Несмотря на то, что я озаботился этическими вопросами на первом же своем уроке трансфигурации, поинтересовавшись у профессора, этично или нет превращать пони в парту, за все шесть лет учебы ясного ответа на него я так и не получил. По умолчанию, в большинстве посвященных этой теме изданий все трансфигурируемые из неживых предметов объекты рассматривались как полноценные, но бездушные существа, несмотря на свою анатомическую точность. Однако, точно также по умолчанию, эти големы почему-то считались индивидуальностями, и если превратить две парты в двух пони, они отличались бы друг от друга по характеру, привычкам и поведению.

– А как же душа? – поинтересовался я у Макгонагалл на одном из уроков. – Если эти животные – индивидуальности, у них должна быть душа, потому что иначе это простые роботы с разными программами, которые задает волшебник…

Судя по всему, я уже достал Макгонагалл своими вопросами, и она решила разобраться с этим раз и навсегда, поскольку этика трансфигурации касалась не только превращений живого в неживое.

– Мистер Ди, – сказала профессор, – вы все время забываете, что оба этих животных трансфигурированы из разных предметов, пусть и принадлежащих к одной категории и схожих по функциям и форме. Нет двух абсолютно идентичных объектов, а потому живые существа, в которых вы их превращаете, также будут отличаться друг от друга.

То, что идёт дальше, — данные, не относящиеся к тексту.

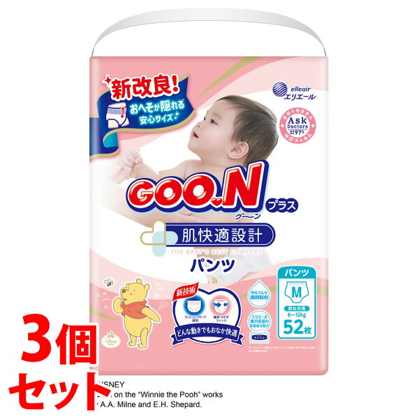 《セット販売》 大王製紙 エリエール グーンプラス 肌快適設計 パンツ Mサイズ (52枚)×3個セット 6kg-12kg ベビー紙おむつ パンツタイプ オムツ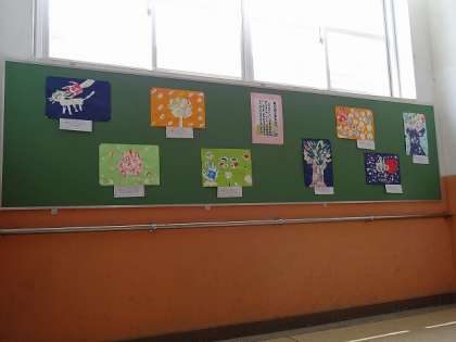 絵の具を使った作品が掲示されていました。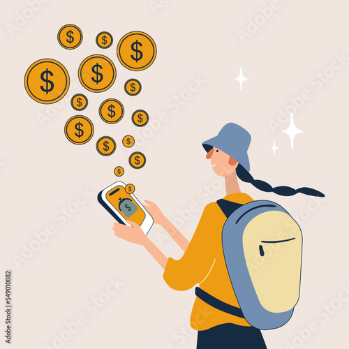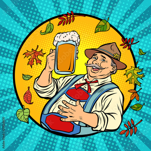 Vektorová ilustrace šťastného podnikatele, který drží tašku s penězi se znaménkem dolaru. Obchodní úspěch, pocity a emoce koncept v retro pop art komiksovém stylu. Bublina.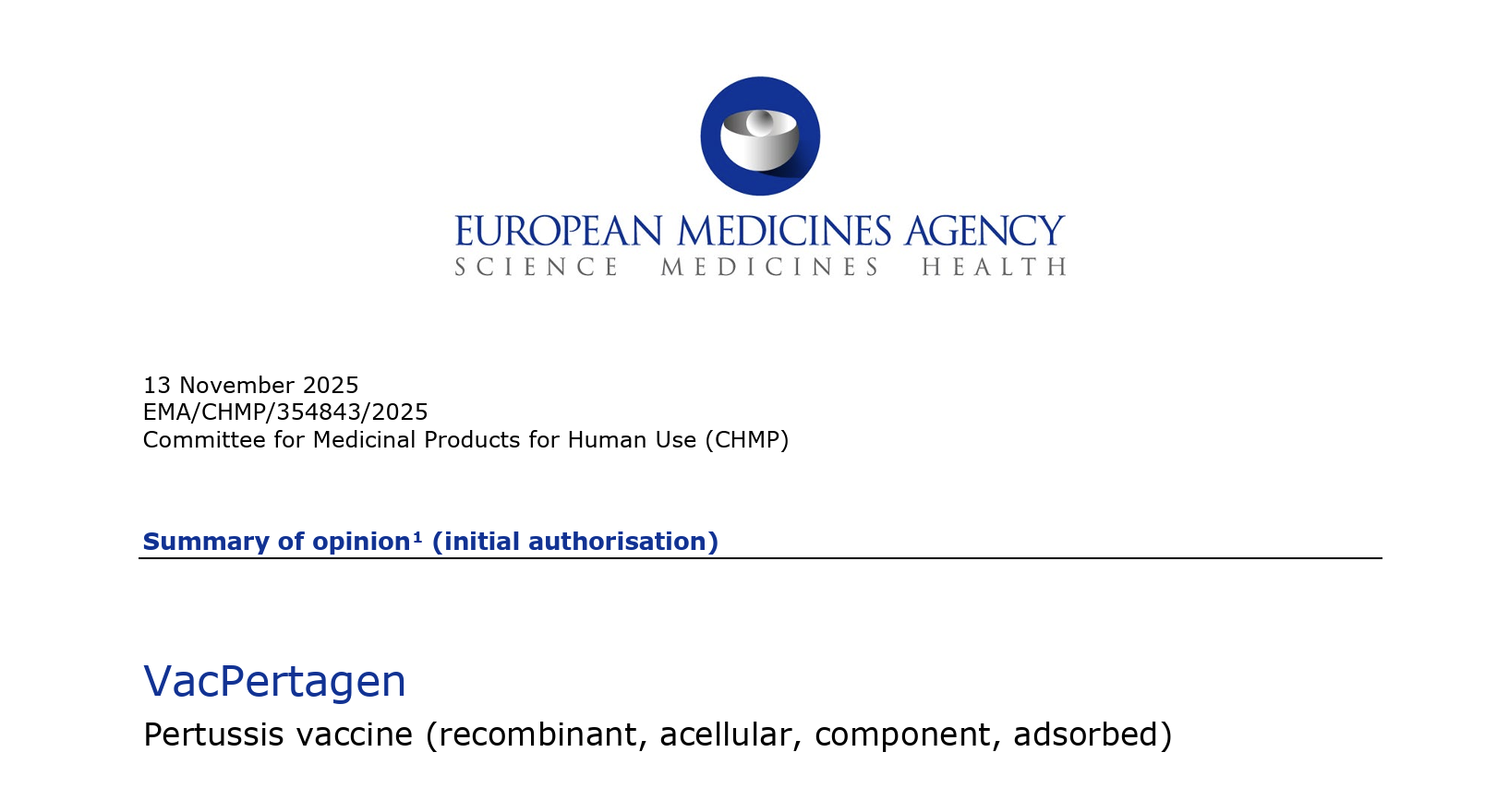 Lyon, November 18, 2025: BioNet, a biotechnology company focused on next-generation vaccines, today announced that the Committee for Medicinal Products for Human Use (CHMP) of the European Medicines Agency (EMA) has adopted a positive opinion recommending the granting of a marketing authorisation in the European Union for VacPertagen, a standalone acellular pertussis vaccine.

Но если даже предположить, что мы нашли два тождественных предмета, то результаты их трансфигурации все равно получатся разными, и мне кажется, на шестом курсе вы уже должны понимать, почему это так.

– Фактор времени, – кивнул я.

– Верно, фактор времени… и еще множество факторов, о которых вы узнаете в процессе дальнейшего обучения в университете или колледже, если решите туда поступать. Фактор времени влияет и на сами предметы, и на волшебника, о котором также не следует забывать. Меняется его настроение и интенсивность волевого усилия, которое он вкладывает в работу, меняется яркость представлений, неуловимо изменяются его намерения… Все это влияет на структуру заклинания и, соответственно, на живой организм, который получается в результате. Поэтому вы никогда не сможете создать двух одинаковых по характеру и виду животных. Что касается души, то в наш курс на данный момент не входят вопросы метафизики – если вас интересует эта проблема, обратитесь к дополнительной литературе.

Представить Макгонагалл рассуждающей на метафизические темы было сложно – она казалась мне прожженной материалисткой, – а потому я, наконец, оставил ее в покое и если о чем-то спрашивал, то лишь по существу текущего урока, решив отложить вопросы наличия души у превращенных объектов до лучших времен.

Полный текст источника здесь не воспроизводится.